Last Tuesday, Feb. 16, she was named one of five confirmed entrants into ’Hurst’s Got Talent, the new annual showcase of student-driven performances.
And just three days later, her stunning rendition of Adele’s “Rolling in the Deep” was enough to win over the audience and garner a two-percent majority of the 180 votes cast through text-balloting in the inaugural contest at the D’Angelo Performing Arts Center.
“It feels great because everyone is so talented and I made friends with them all today,” she said after the show.
The show, hosted by Atlanta-based comedian Kenneth Paryo, going by the stage name Xclusive, is the first talent show-style competition run by the SAC (Student Activities Council).
The previous two years featured “Hurst Idol” a music-based show in the same vein as American Idol.
“We got some feedback from students that they wanted more than just singing, so we decided to go with ‘Hurst’s Got Talent’ so we could have dancers, so like a variety act,” SAC Programmer James Duncan said.
The inclusion of Paryo as host also reduced the number of contestants to just five; as the SAC were projecting a two-hour program, they needed to give Paryo, who had been booked since mid-autumn, enough time to execute his emcee duties.
Duncan also stated that not only did they receive more submissions than expected, the majority of the acts were short in length.
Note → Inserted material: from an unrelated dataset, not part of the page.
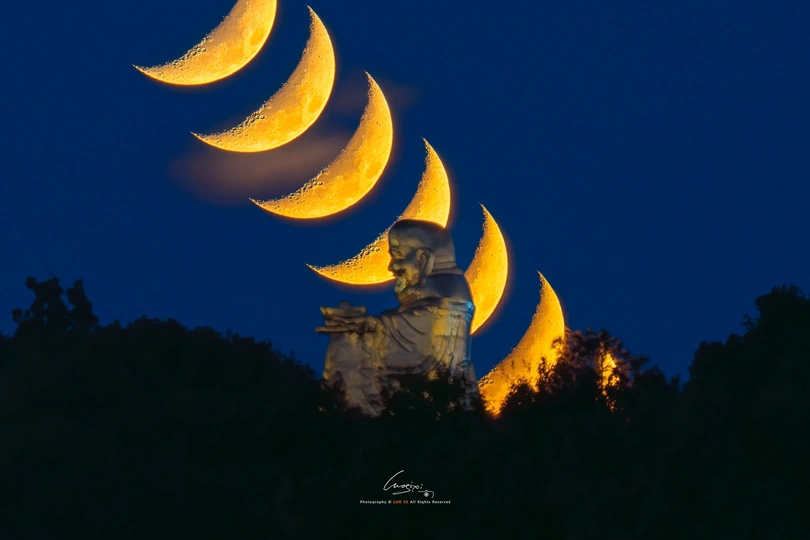 石湖金光大佛悬月 石湖景区娥眉月,月落金光大佛,这次算成功80%,拍了一会发现角度有一定偏差,果断切换机位与角度,天气也非常给力,最终成品还算不错。#日子的旅人# #极摄# #极摄摄影大赛# #苏州机位探索##苏州石湖# @极摄 设备:索尼A7R5 镜头:200-600F5.6-6.3G OSS 支撑系统:LP-324C+G4Pro 焦段:600mm+后期裁切 参数:F6.3 -1.7 is0500 1/3秒 规划软件:极摄APP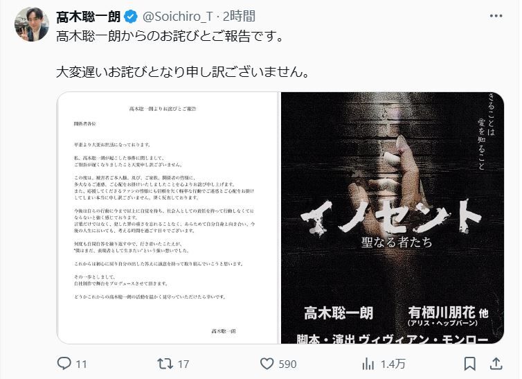 少女にみだらな行為をしたとして昨年11月に逮捕された、俳優高木聡一朗(38)が1日、X(旧ツイッター)を更新。事件について謝罪した。

“Out of the auditions, we wanted to get a variety of acts, we didn’t want people doing the same things. We didn’t want multiple singers or dancers, we wanted to give a variety to the students, and we thought that five acts would suffice,” Duncan said.
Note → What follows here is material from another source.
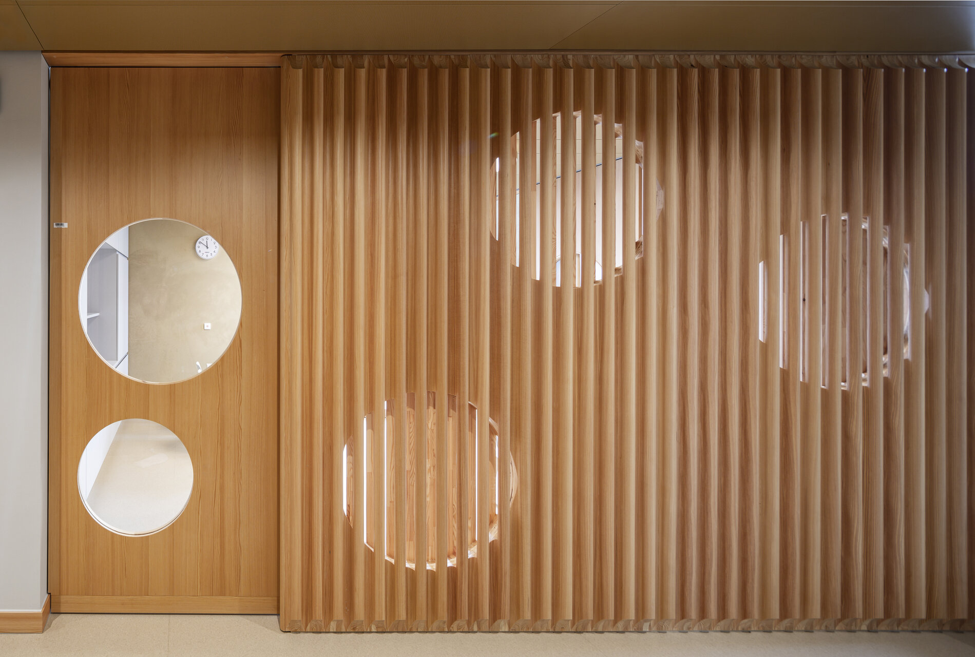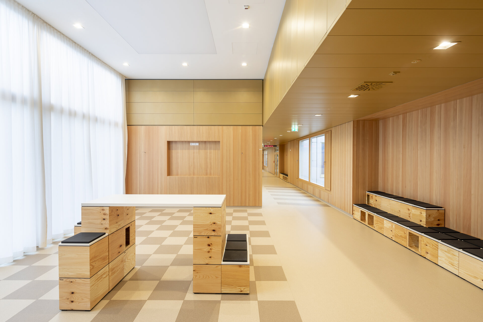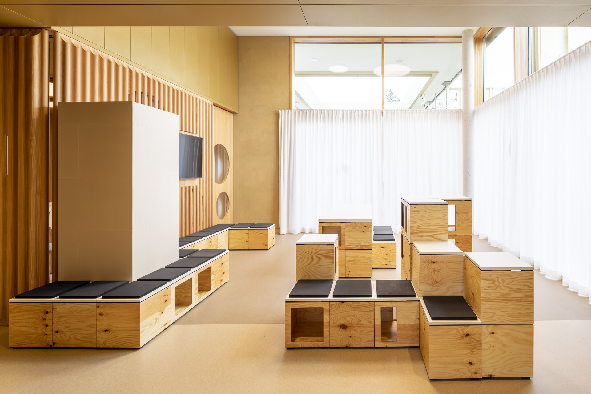 Im Zusammenspiel mit den natürlichen Materialien, wie Lärchenholz und Lehmputzen, sowie den individuell gestalteten Möbeln entstand ein Healing Building, das den Kindern und Jugendlichen ein Gefühl von „Zuhause“ und jenen Rückhalt bieten soll, den sie für ihre Genesung brauchen. (Text: Roman Höllbacher, nach einem Text der Architekten)

Auditions were submitted through email to Duncan, Jonah Jackson and Taylor Brookmiller who watched all of the auditions. Leading off the show was sophomore Cathleen Colligan, singing Train’s “Drops of Jupiter” and performing it on piano.
She was followed in turn by Phung in her first American competition, but it wasn’t her first flirt with the talent-show scene.
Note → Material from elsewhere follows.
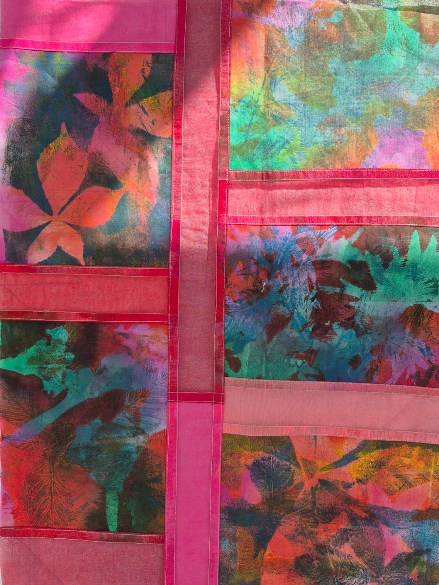Work with a commercial fabric and sheer organzas to create a panel of contrasting colour and texture. Use of heat tools* and free motion embroidery. Optional hand embellishment.

“I’ve been singing a lot in cafés and that kind of stuff,” she said. Following Phung were the first two dance routines: sophomore Lindsey Lenhardt tapped her way through “Luck Be a Lady,” and freshman Kaitlyn Stark rekindled her jazz roots with a routine to “Mambo #5”.
A three-person team who called themselves Sarah Gravante, Tara and Austin rounded out the evening with an acoustic cover of Imagine Dragons’ “Radioactive” with a combination of pieces from other songs.
Paryo, in his second Mercyhurst performance, used lip-sync routines and anecdotes to serve as a buffer between the acts.
The show-stopping performances wowed the audience several times, incorporating stories of love, romance and simple comedic humor.
The big highlight was a routine using snippets of Michael Jackson songs to augment an anecdote of finding love in obscure places.
With a sequence of dialogue interspersed by four song samples, it had immediately won over the audience.
“Really, I just tried out some new stand-up material, and then usually my storytelling pieces work pretty well, so I just threw a couple of those out there,” Paryo said after the show. “I really just wanted to have fun on the stage.”